Lines from the line with "Selling a dining" to the line with "Ante la gravedad" in the entries below, and only those, must be output exactly, with both ends included.
── Provided records ──
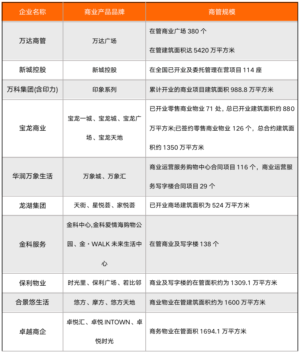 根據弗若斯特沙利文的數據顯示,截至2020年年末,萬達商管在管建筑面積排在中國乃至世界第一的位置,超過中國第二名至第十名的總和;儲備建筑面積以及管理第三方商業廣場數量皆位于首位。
───
── Provided records ──
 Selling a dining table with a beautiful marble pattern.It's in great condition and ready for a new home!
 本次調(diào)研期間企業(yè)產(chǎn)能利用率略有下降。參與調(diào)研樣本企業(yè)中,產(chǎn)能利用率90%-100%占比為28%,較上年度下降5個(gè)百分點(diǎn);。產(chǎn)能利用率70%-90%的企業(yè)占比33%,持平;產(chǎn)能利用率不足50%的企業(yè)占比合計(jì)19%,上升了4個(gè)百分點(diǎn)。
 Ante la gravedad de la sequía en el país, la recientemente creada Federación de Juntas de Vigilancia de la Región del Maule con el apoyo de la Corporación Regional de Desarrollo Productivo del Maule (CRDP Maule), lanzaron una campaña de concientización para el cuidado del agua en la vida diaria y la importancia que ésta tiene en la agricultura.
───
Response area
 Selling a dining table with a beautiful marble pattern.It's in great condition and ready for a new home!
 本次調(diào)研期間企業(yè)產(chǎn)能利用率略有下降。參與調(diào)研樣本企業(yè)中,產(chǎn)能利用率90%-100%占比為28%,較上年度下降5個(gè)百分點(diǎn);。產(chǎn)能利用率70%-90%的企業(yè)占比33%,持平;產(chǎn)能利用率不足50%的企業(yè)占比合計(jì)19%,上升了4個(gè)百分點(diǎn)。
 Ante la gravedad de la sequía en el país, la recientemente creada Federación de Juntas de Vigilancia de la Región del Maule con el apoyo de la Corporación Regional de Desarrollo Productivo del Maule (CRDP Maule), lanzaron una campaña de concientización para el cuidado del agua en la vida diaria y la importancia que ésta tiene en la agricultura.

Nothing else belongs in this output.